The principal aim of the research reported in this thesis was to investigate the influence of additive manufacturing on the acoustic performance of 3D printed periodic materials. First, a benchmark material design was manufactured using three different 3D printing technologies. The quality of produced samples was inspected using several non-destructive testing techniques. Realistic computational geometries of samples produced via extrusion-based additive manufacturing were created based on surface profiles obtained with confocal microscopy. This data was then used to update an existing numerical model, which initially assumed a smooth surface finish of the benchmark unit cell. The rough computational geometries were proposed as an enhanced unit cell design and produced using photopolymerisation-based additive manufacturing technology in the next step. Finally, a new 3D printed acoustic-material solution was also designed based on the benchmark unit cell. This acoustic material solution was produced via extrusion-based additive manufacturing and inserted into the interior of a commercial building acoustics silencer for performance enhancements.

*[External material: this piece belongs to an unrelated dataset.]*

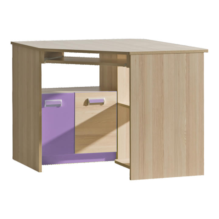 Praktický rohový PC stolek se dvěma skříňkami v levé části a poličkami v pravé části. V pravé části se nachází prostor pro počítač. Stolek má také výsuvnou desku pod klávesnici. Veselý design stolku je vhodný zejména do studentských a dětských pokojů.

The presently-reported research confirmed that additive manufacturing has an acoustic impact (increase of magnitude of absorption, operating frequency shift) on the performance of designed material due to the distortion of idealised, smooth computational geometry caused by layer-by-layer fabrication and additional 3D printing defects. Surface roughness resulting from the staircase effect is partially responsible for the mismatch between numerical predictions and experimental results. It can be used for acoustic gains by enhancing the smooth, benchmark design with additional artificial roughness applied to its surfaces. This thesis has also shown that acoustic materials can be designed for target frequencies of interest to enhance the broadband behaviour of foam liners and improve the acoustic performance of the off-shelf components.